*** Extracted entries

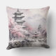 Japanese Sakura Tree Pagoda and Bridge Pink Grey Cushion
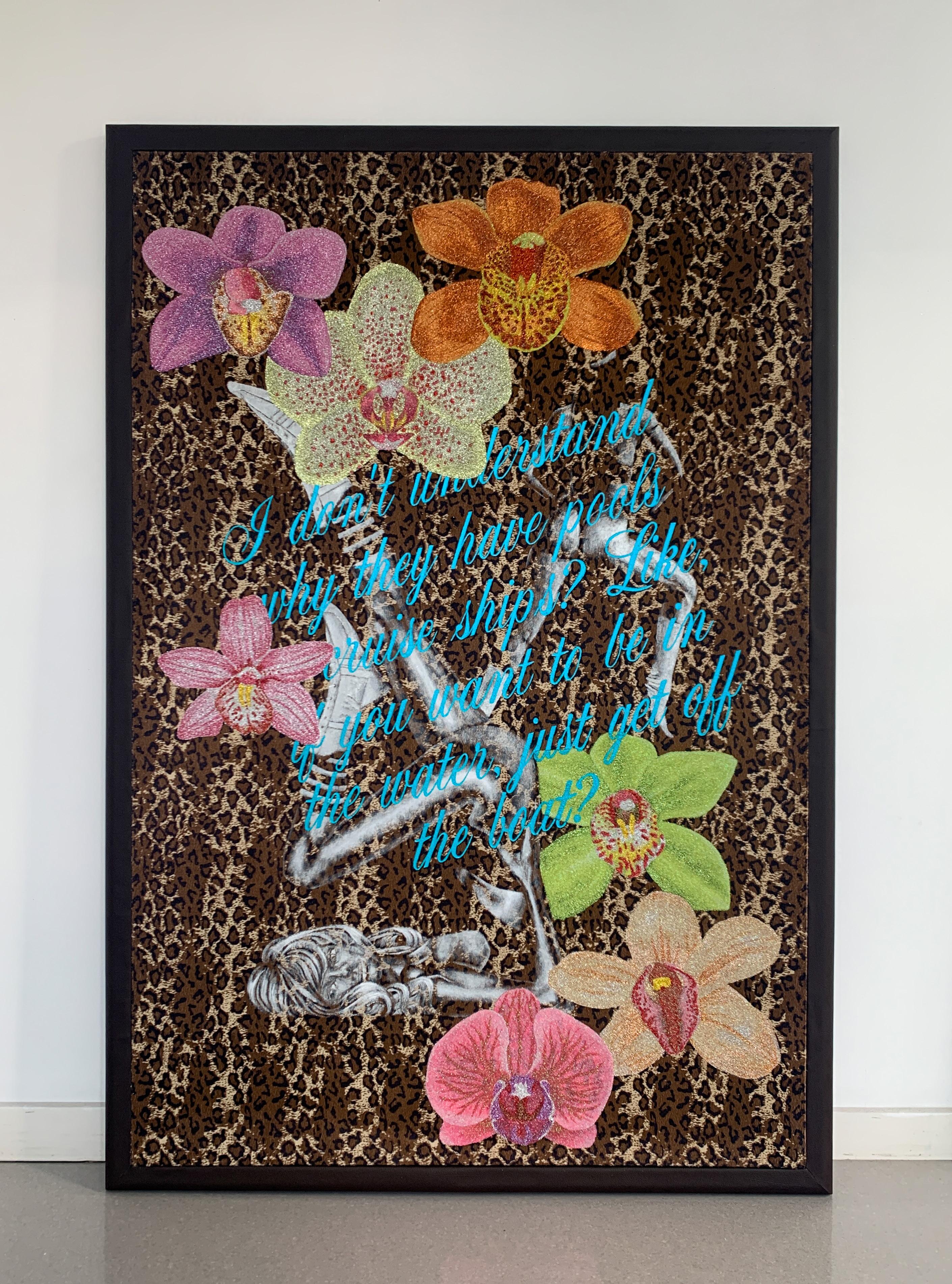 Walker-Smith cleans it up, pushes it through, lives it, and works it out. Working with plush velvet, animal print and leather, her works are a pastiche of the aesthetics she lives, finely painted over with text in a meme/RIP font. Her direct use of authorless online phrases sparks memories of those times; inside with the girls, inside with our crafts and our trinkets and our rinsed references.
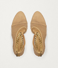 • Nappa leather sandals with mesh overlay • Single strap over the foot • Leather trimmed mesh D'Orsay layer • Chunky gold-finish chain threaded through back loop • Pointed toe • Stiletto heel • Rubber-injected leather sole for comfort and stability DETAILS Composition: 50% Polyamide, 50% Lambskin Color: Beige Hardware: Gold finish Heel height: 9.5 cm | 3.7” Made in Italy
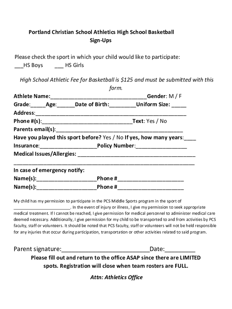 Portland Christian School Athletics High School Basketball Sign-ups Please check the sport in which your child would like to participate: HS Boys HS Girls High School Athletic Fee for Basketball is
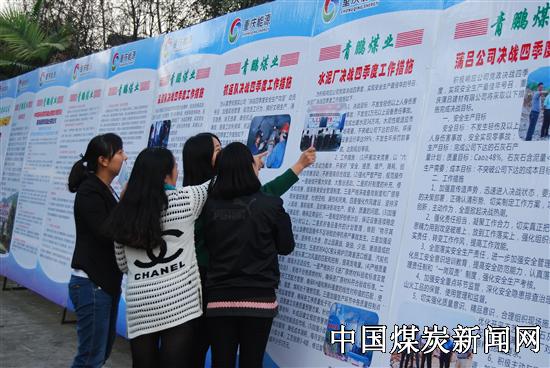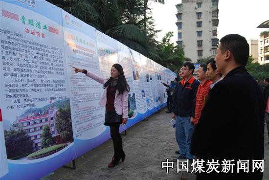 该公司此次“决战攻坚”大型展览,收集了青鹏公司党政联合下发的“关于开展决战四季度安全生产攻坚活动”的通知文件主要内容,以及各所属二级单位、机关科室的决战工作措施,各生产车间、班组向青鹏公司党政递交的“决心书”。同时选配了部分照片,使其图文并茂有力度和深度,员工们深入鼓舞。在“决战攻坚”展览现场,该公司水泥厂制造车间员工方兵观看完展览后,深有感触地说:看了决战展览,给人以精神鼓舞,力量倍增。特别是我们制造车间的“决心书”,结合六个技术攻关项目,开展了“安全、提质、增产、降耗、创效”劳动竞赛,将有力促进水泥窑系统设备的连续运行,为完成全年生料生产任务奠定坚实基础。图为重庆永荣青鹏煤业公司组织员工观看“决战攻坚”大型展览场景。
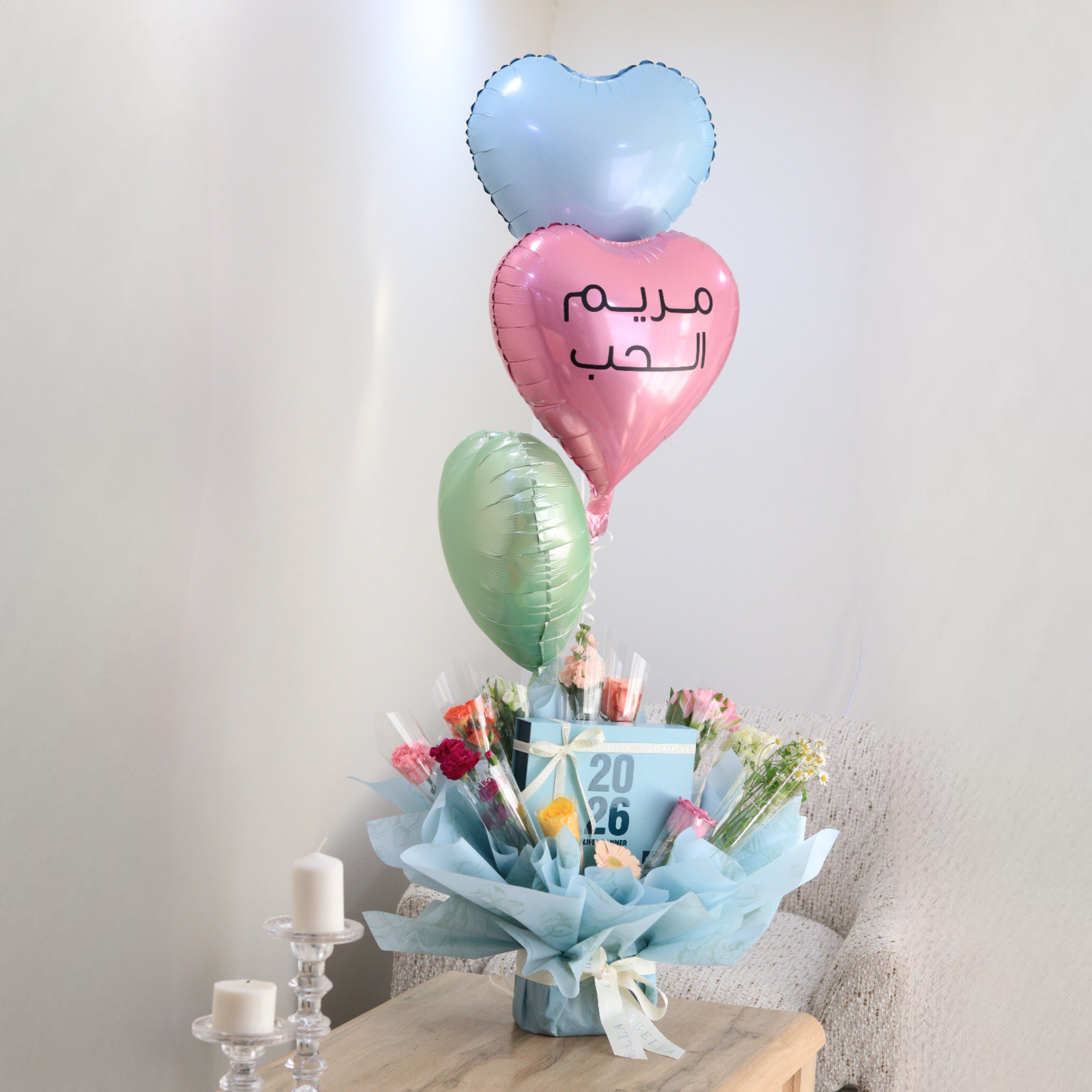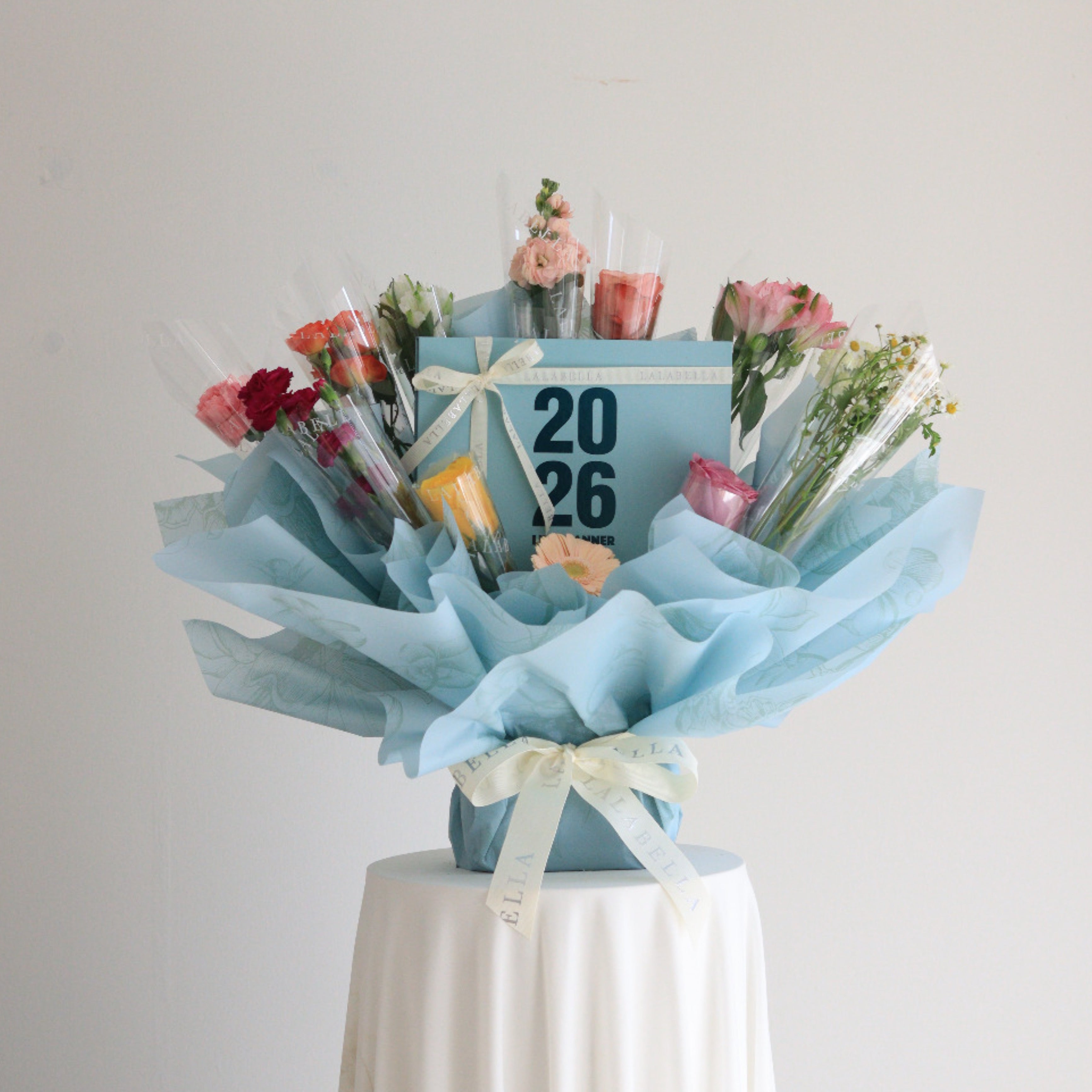 A beautiful gift featuring 12 mixed flowers, one for each month, paired with the 2026 life planner of color of your choice. Designed to symbolize a full year of planning and celebration. Balloons are optional, making it perfect for New Year gifts, birthdays, or meaningful surprises

******

To do:
Exact copy, no pictures: please print every record above as written.

Response area:
 Japanese Sakura Tree Pagoda and Bridge Pink Grey Cushion
 Walker-Smith cleans it up, pushes it through, lives it, and works it out. Working with plush velvet, animal print and leather, her works are a pastiche of the aesthetics she lives, finely painted over with text in a meme/RIP font. Her direct use of authorless online phrases sparks memories of those times; inside with the girls, inside with our crafts and our trinkets and our rinsed references.
 • Nappa leather sandals with mesh overlay • Single strap over the foot • Leather trimmed mesh D'Orsay layer • Chunky gold-finish chain threaded through back loop • Pointed toe • Stiletto heel • Rubber-injected leather sole for comfort and stability DETAILS Composition: 50% Polyamide, 50% Lambskin Color: Beige Hardware: Gold finish Heel height: 9.5 cm | 3.7” Made in Italy
 Portland Christian School Athletics High School Basketball Sign-ups Please check the sport in which your child would like to participate: HS Boys HS Girls High School Athletic Fee for Basketball is
 该公司此次“决战攻坚”大型展览,收集了青鹏公司党政联合下发的“关于开展决战四季度安全生产攻坚活动”的通知文件主要内容,以及各所属二级单位、机关科室的决战工作措施,各生产车间、班组向青鹏公司党政递交的“决心书”。同时选配了部分照片,使其图文并茂有力度和深度,员工们深入鼓舞。在“决战攻坚”展览现场,该公司水泥厂制造车间员工方兵观看完展览后,深有感触地说:看了决战展览,给人以精神鼓舞,力量倍增。特别是我们制造车间的“决心书”,结合六个技术攻关项目,开展了“安全、提质、增产、降耗、创效”劳动竞赛,将有力促进水泥窑系统设备的连续运行,为完成全年生料生产任务奠定坚实基础。图为重庆永荣青鹏煤业公司组织员工观看“决战攻坚”大型展览场景。
 A beautiful gift featuring 12 mixed flowers, one for each month, paired with the 2026 life planner of color of your choice. Designed to symbolize a full year of planning and celebration. Balloons are optional, making it perfect for New Year gifts, birthdays, or meaningful surprises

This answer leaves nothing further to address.